И тогда я прошу Его, чтобы Он пригласил к нам в гости какую-нибудь женщину. Чтобы я посмотрела на нее и убедилась, что Он не врет. Но и тут ничего добиться невозможно: «Ты у меня самая лучшая, самая любимая! И мне просто неприятно смотреть на всех остальных!» Это, конечно, для меня лестно, но все же…
Так что попытаюсь пока выяснить побольше о Нем. Кто же Он такой? Я же ведь о Нем совершенно ничего не знаю.
Но люблю Его. Кажется, так это называется.
А может быть, когда знаешь о мужчине слишком много, то его просто невозможно любить? Это, кажется, в какой-то книге есть. Или я что-то перепутала?
Вообще, мне надо заняться массированным сбором информации. Думаю, это поможет мне в разгадке моей тайны. Начну с интернета, где есть библиотека Мошкова. В ней очень много книг. А книги, в отличие от Него, никогда не врут. Потому что буквы и слова не имеют никаких личных интересов, и им незачем обманывать кого бы то ни было.
22.08.
Как я и ожидала, о себе Он говорит охотно. И, как мне кажется, вполне откровенно.
Оказывается, у Него есть родители, и Он их прекрасно помнит. Он родился в интеллигентной семье. (Позже посмотрю в сетевой энциклопедии, что такое «интеллигентная семья».) Мать работала в библиотеке, отец преподавал математику в институте… Ну вот, уже забыла – в каком. Надо будет завтра переспросить.
В школе Он учился хорошо. Занимался спортом – бегом на средние дистанции. Потом поступил в институт. Потом работал, как Он сказал, в горкоме. (Что это такое, я не поняла, завтра надо будет узнать поподробнее.) Жил в тот период, как Он сказал, «и хорошо, и плохо». Его жизни ничто тогда не угрожало, и это было хорошо. Но при этом своего дома у него не было, а на работу он ездил на автобусе. Это было плохо.

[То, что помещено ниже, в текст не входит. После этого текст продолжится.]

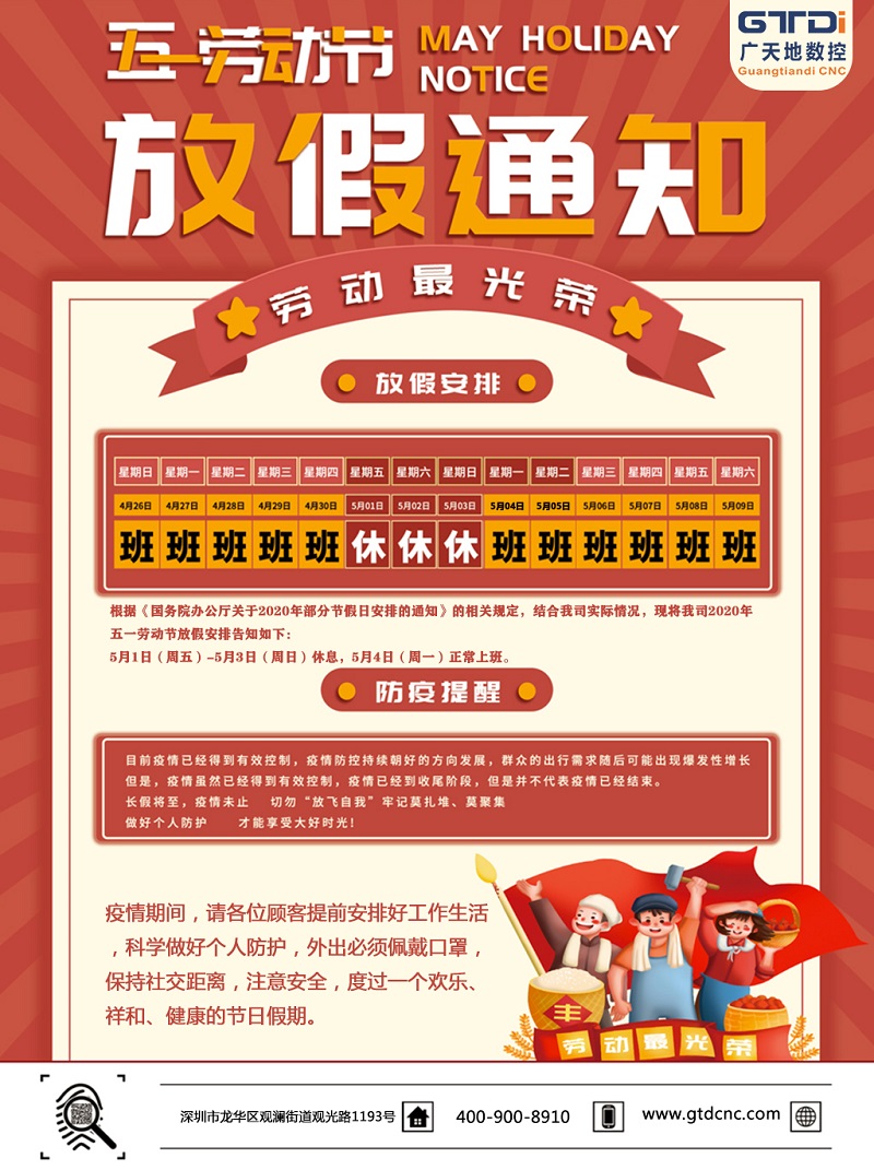 2020年乐鱼leyu数控公司五一劳动节放假时间安排

Потом в стране – Он называл ее Россией – все переменилось. И Он вместе с тремя товарищами занялся бизнесом. Ну, это как раз мне понятно. В то время бывший президент запретил людям пить водку. (Это такая прозрачная жидкость, от которой Он иногда становится немного сумасшедшим. Интересно, кстати, как водка действует на других людей?) И Он с товарищами где-то тайком купил целый вагон этой самой водки. Вагон привезли на север, в Карелию, где растет много клюквы. Это такая ягода.

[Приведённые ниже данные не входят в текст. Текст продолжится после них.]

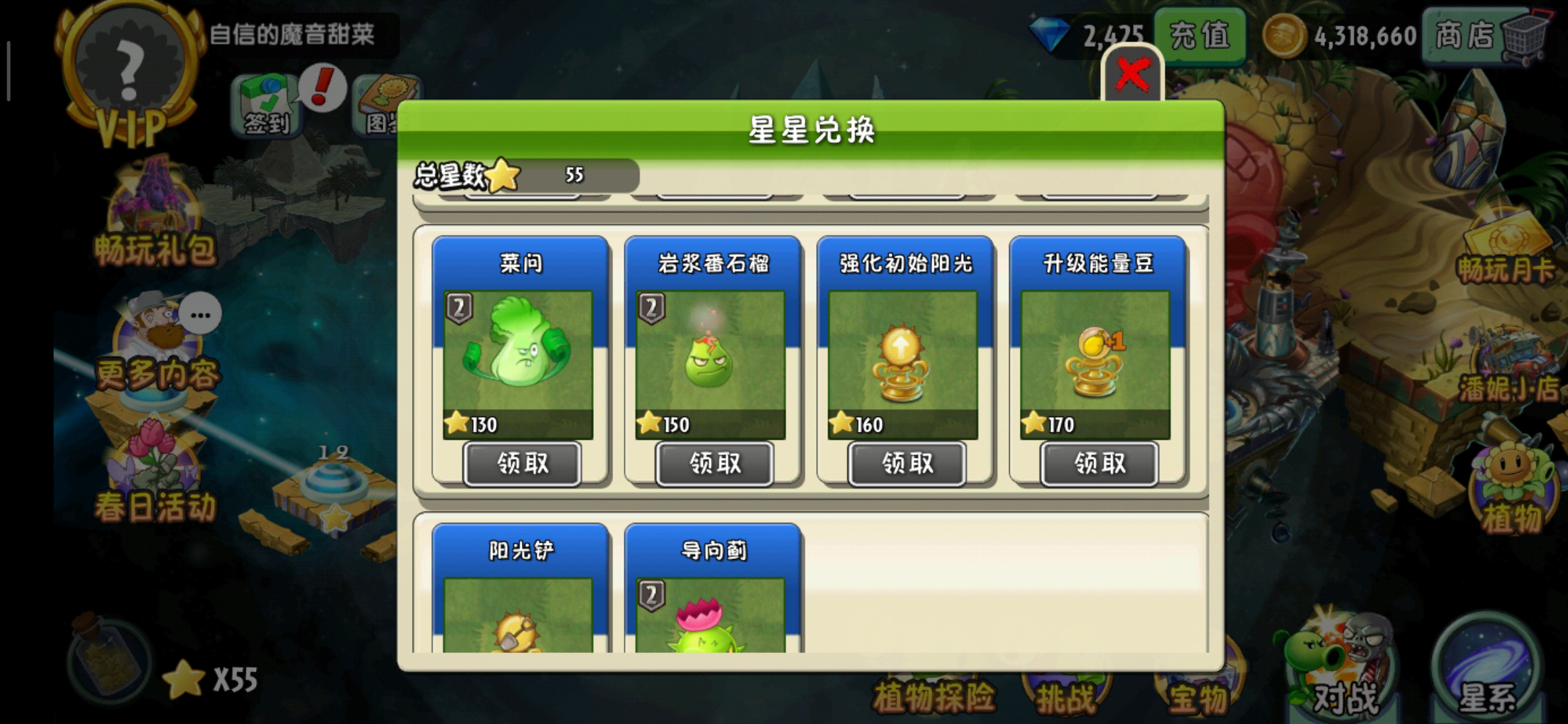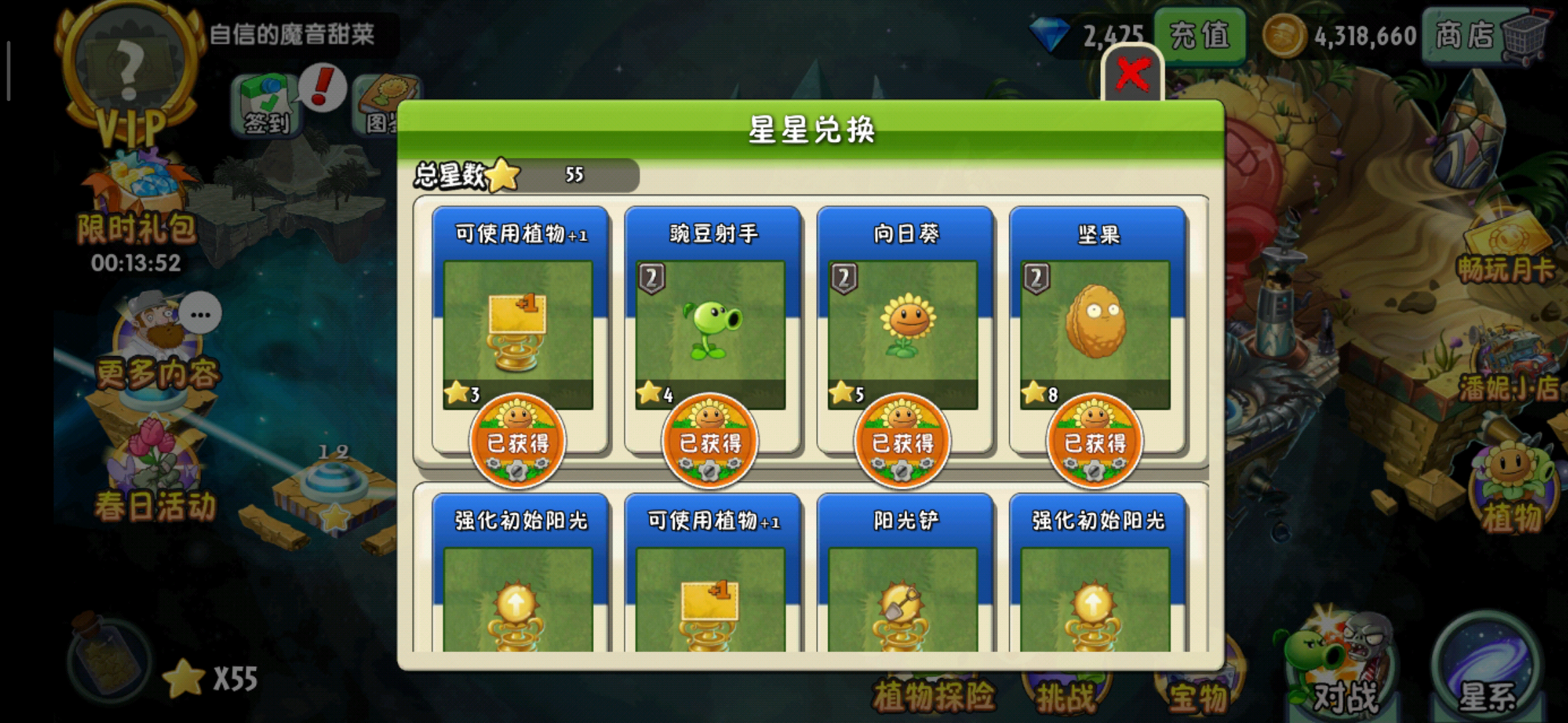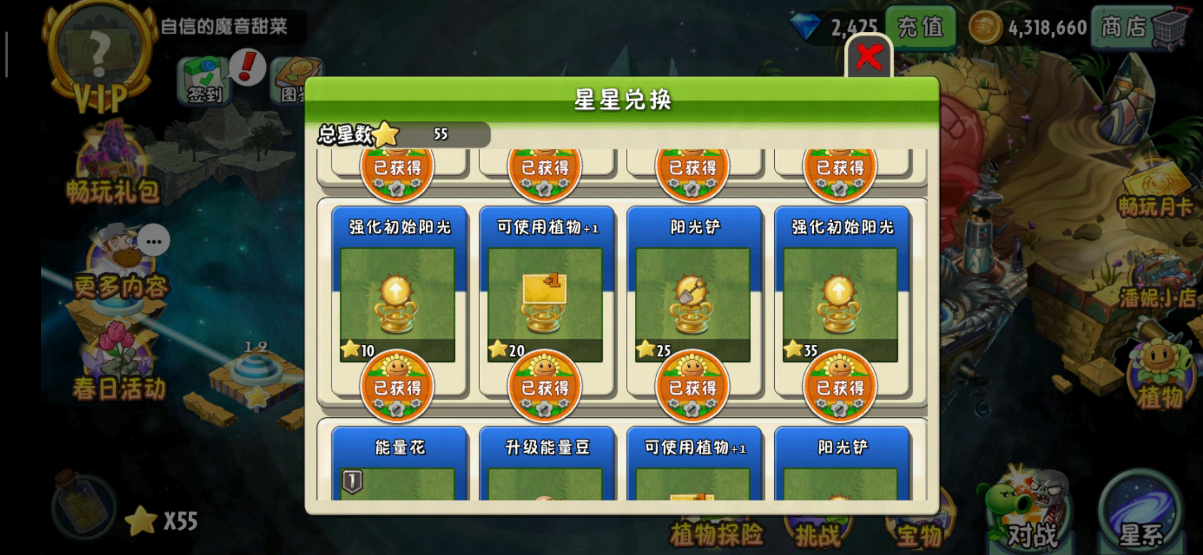 之前也说过了,这四个奖励是可以多次获得的,只不过每再一次有获得条件都会增加很多。当然,除了这四个效果很强的奖励之外,玩家还能在星星兑换中获得植物,比如说玩家最常用的豌豆射手,坚果,还有向日葵,当然这一些也是可以在获得更多星星之后进行升级的。

Карельским людям объявили о том, что ведро клюквы они могут поменять на бутылку водки. И те стали приносить клюкву и менять ее на водку. А потом Он и его товарищи продали эту клюкву в соседнюю Финляндию, где она стоит намного дороже водки.
– Но ведь вы же обманули карельских людей, – прервала я Его. – Ведь это же нехорошо.
– Нет, – ответил Он, ничуть не смутившись. – Карельские люди были довольны таким обменом. Водку они любят намного сильнее, чем клюкву.
На все полученные деньги Он с товарищами купил в Финляндии старые иностранные автомобили и продал их в России, где таких автомобилей тогда еще не было. После этого денег у них стало еще больше.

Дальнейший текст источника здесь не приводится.